Chiswick Confined – My Corona Blog XXII

Day 25 – Friday 17th April 2020

 

 

In which your Hero is not so much blue as mellow

without so much as a calabash of Palm Wine or a stick of ‘Taffee’ in sight.

 

“Trouble in mind, I’m blue
But I won’t be blue always
Cause the sun’s gonna shine
In my backdoor some day”

 

From ‘Trouble in Mind”

Traditional – Southern USA

 

 

The connections in today’s somewhat rambling Blog are a little convoluted but trust me they coalesce at the end.

 

I am going to start by combining two of my favourite themes – supporting local businesses and enjoying great music. Now, what does a Nigerian Restaurant in North End Road, West Kensington and a Pub with a Wood Fired Pizza Oven in Boston Manor have in common? Well, food obviously and the fact that they are both doing their best to serve their communities and their customers and, frankly, to survive in these trying times. However, there is another connection that I will come to explain later.

 

I have written about the joys of a great ‘local’ with particular reference to The Raven at Stamford Brook. Obviously the pub is shut at the moment but landlord Dave is also connected to another fine boozer with the same values and they are still managing to keep open for deliveries. The GreenW7 really do serve serious Wood Fired Pizzas and their range of Burgers is imaginative and extensive too – plus they do beer deliveries!! Check them out at:- https://www.thegreenw7.com/

 

Pitanga restaurant in North End Road is one of my go to places.

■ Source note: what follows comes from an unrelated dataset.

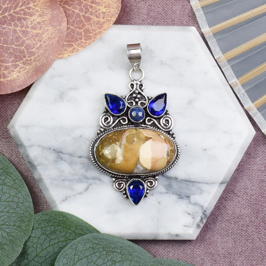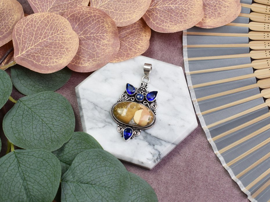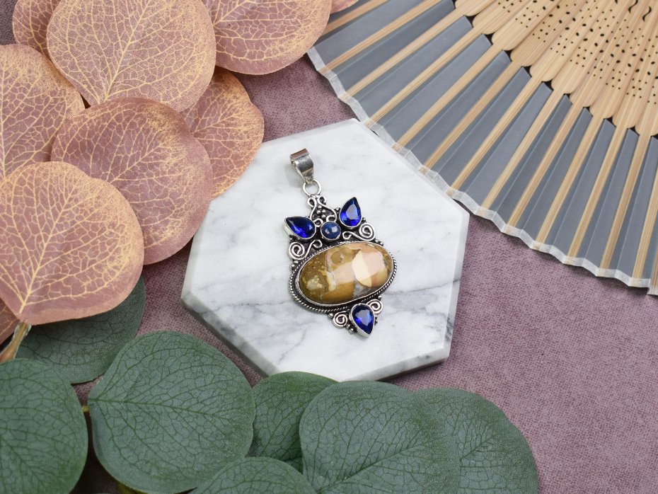 Ręcznie wykonany wisiorek z miedzi, pokryty srebrem próby 925, z dużym żółtym jaspisem oraz trzema syntetycznymi tanzanitami. Żółty jaspis to kamień znany ze swoich właściwości wspierających siłę woli, pewność siebie oraz ochronę przed negatywnymi energiami. Wspomaga wewnętrzną stabilność i wytrwałość. Syntetyczne tanzanity, z ich głęboką, niebiesko-fioletową barwą, symbolizują duchowy wzrost, intuicję oraz jasność myśli. Połączenie ciepłej energii jaspisu i duchowego wsparcia tanzanitów tworzy wisiorek, który wspomaga równowagę emocjonalną, pewność siebie i duchową harmonię.

Chef/Owner Nky is an amazing cook and has developed a range of food that ranges from the traditional Nigerian soups and stews to a more modern style of fusion. A modern Nigerian style restaurant called ‘Ikoyi’ in Mayfair has recently been awarded a Michelin star and, frankly, having been to both much of Nky’s cuisine reaches their standards at about a third of the price. If your locked-in palate is jaded and you need to stimulate your taste buds with something a bit different give her food a try. Even if you have never tasted Nigerian food you may well have heard of the ‘Jollof Wars’. Nigerians and Ghanaians get very heated about whose is the original recipe for Jollof Rice (ssshhh, don’t tell them it is probably Senegalese) and when Jamie Oliver tried to dip his toe in that particular water by adding ‘Oyinbo’ nonsense like sun dried tomatoes he definitely bit off more than he could chew. Think of it like West African Paella or Pilau. My favourites include Nky’s take on traditional street style foods such as Suya and Akara and her Uncle’s Warri stew. Her goat dishes are very popular. You can check out her dishes on:- http://pitangalondon.com/but currently she is only taking orders by email (info@pitangalondon.com). Please note she is just cooking for specific orders so 24 hours notice is best.

 

In the papers today I read that KFC, Burger King and a couple of other chains are re-opening selected stores for take-away. If we do not support our local independent shops, cafes and restaurants now then when you eventually can go out you won’t find any of them left and these big corporates pushing bland, unhealthy stodge will have taken over our High Streets.

Now, I am going to drop on you today’s album cover.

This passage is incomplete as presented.